Marisa Merz (born 1931, Turin, Italy) the only woman artist closely associated with the Arte Povera movement has died age 93. Her 2013 exhibition which inaugurated the Serpentine Sackler Gallery in London was highly regarded. It included a selection of sculptures, paintings and installations from across her remarkable fifty-year career. The show was the artist’s first after winning the Golden Lion for Lifetime Achievement at the 2013 Venice Biennale.

Merz’s work consistently played with scale and materials, ranging from the domestic to the industrial

Her series of Living Sculptures, suspended clusters of forms made up of swirling shards of aluminium, are at once industrial and ethereal highlighting the materials that Merz continually explored. Throughout the late 1960s, Merzer first was actively involved with the Turin-based Arte Povera movement. She often worked with textiles, linking material of typically feminine creativity with Arte Povera’s call to embrace ‘poor’, which could be used in art. She continued to demonstrate a sense of openness concerning materials and processes, as evinced by her application of craft techniques, such as weaving and knitting, embracing non-traditional materials, including nylon, copper and iron, continuing to inspire so many young artists.

Marisa Merz Untitled (Living Sculpture) 1966
Marisa Merz Untitled (Living Sculpture) 1966

Since the 1970s Merz explored and expanded upon the threshold between abstraction and figuration in her mixed media works on paper, expressionistic clay heads and larger sculptural installations.

In the 1950s, she met Mario Merz while she was a student in Turin. They married in 1960 and had one daughter, Beatrice Merz. In 2005, Beatrice Merz opened a contemporary art centre in Turin, the Fondazione Merz.

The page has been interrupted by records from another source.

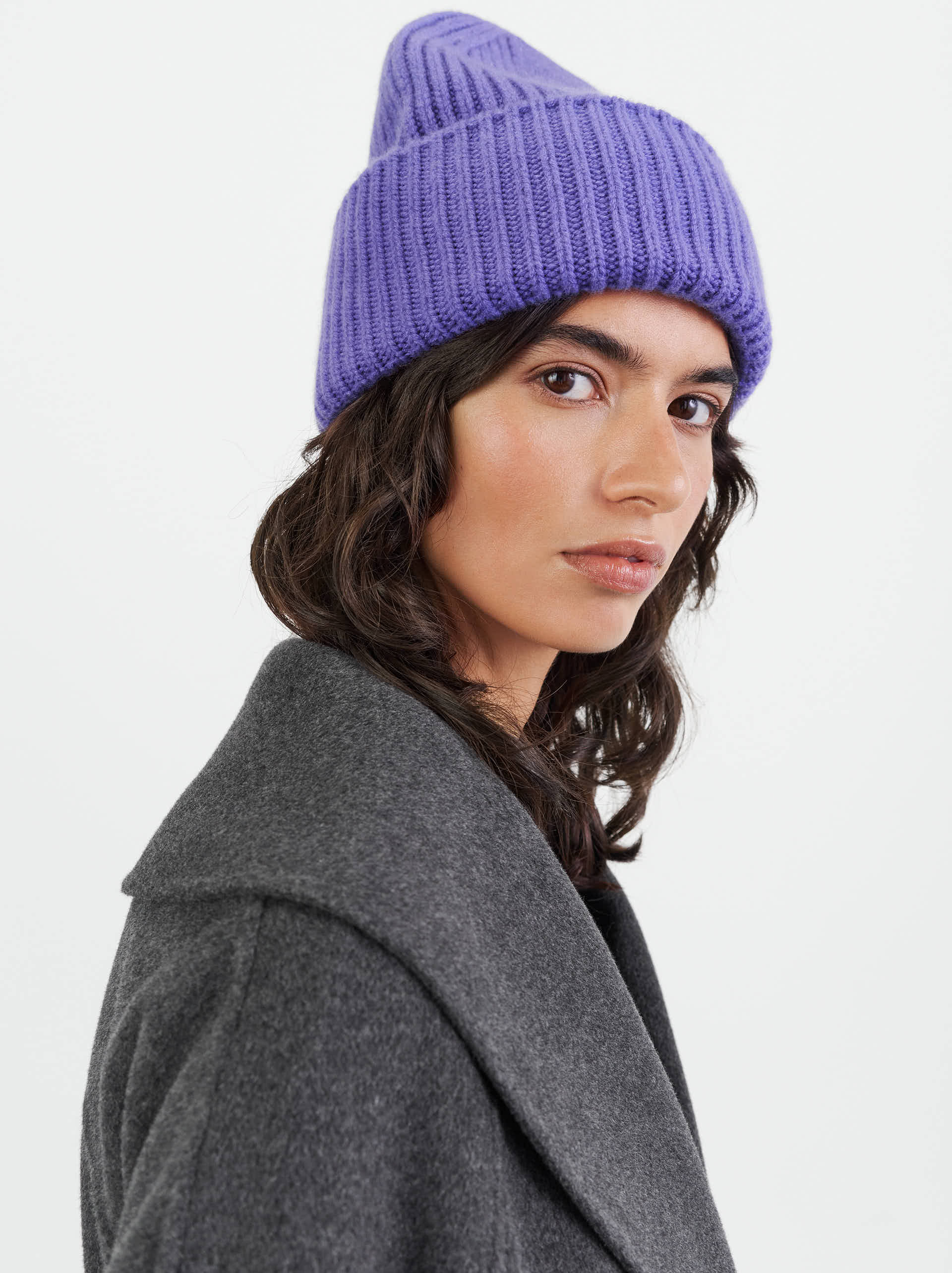 A ribbed beanie knitted in 100% cashmere. One size and unisex.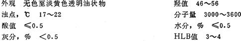 性能 低温下溶于水,高于浊点时在水中呈扩散状。具有良好的消泡及抑泡作用。 质量规格(海安石化总厂)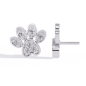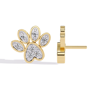 Celebrate your love for pets with these adorable 14K gold paw print studs. Sparkling diamonds accent each pad, adding charm and brilliance to the playful design. Crafted for everyday wear, these earrings blend cuteness with luxury perfect for animal lovers with a stylish side.

As a young artist, Merz did not receive widespread recognition, despite her vast contribution to the scene. Later on, the growth of feminism brought her more significant consideration. Marisa Merz’s art has been described as lyrical, subtle, visionary and private. Her installations feature the idea of the home as an intimate place, secluded and feminine. An example is her 1966 installation Untitled (Living Sculpture), which was intended both for her home and to be presented in a gallery (she once said ‘There has never been any division between my life and my work’). The installation consisted of thin strips of aluminium, clipped and suspended from the ceiling, forming coils and spirals. Tate Modern acquired the work in 2009.

Merz participated five times in the Venice Biennale. Her work has been the subject of numerous solo exhibitions internationally, including shows at the Kunstmuseum Winterthur (2003), the Galleria d’Arte Moderna Bologna (1998), the Stedelijk Museum Amsterdam (1996) and the Centre Pompidou (1994).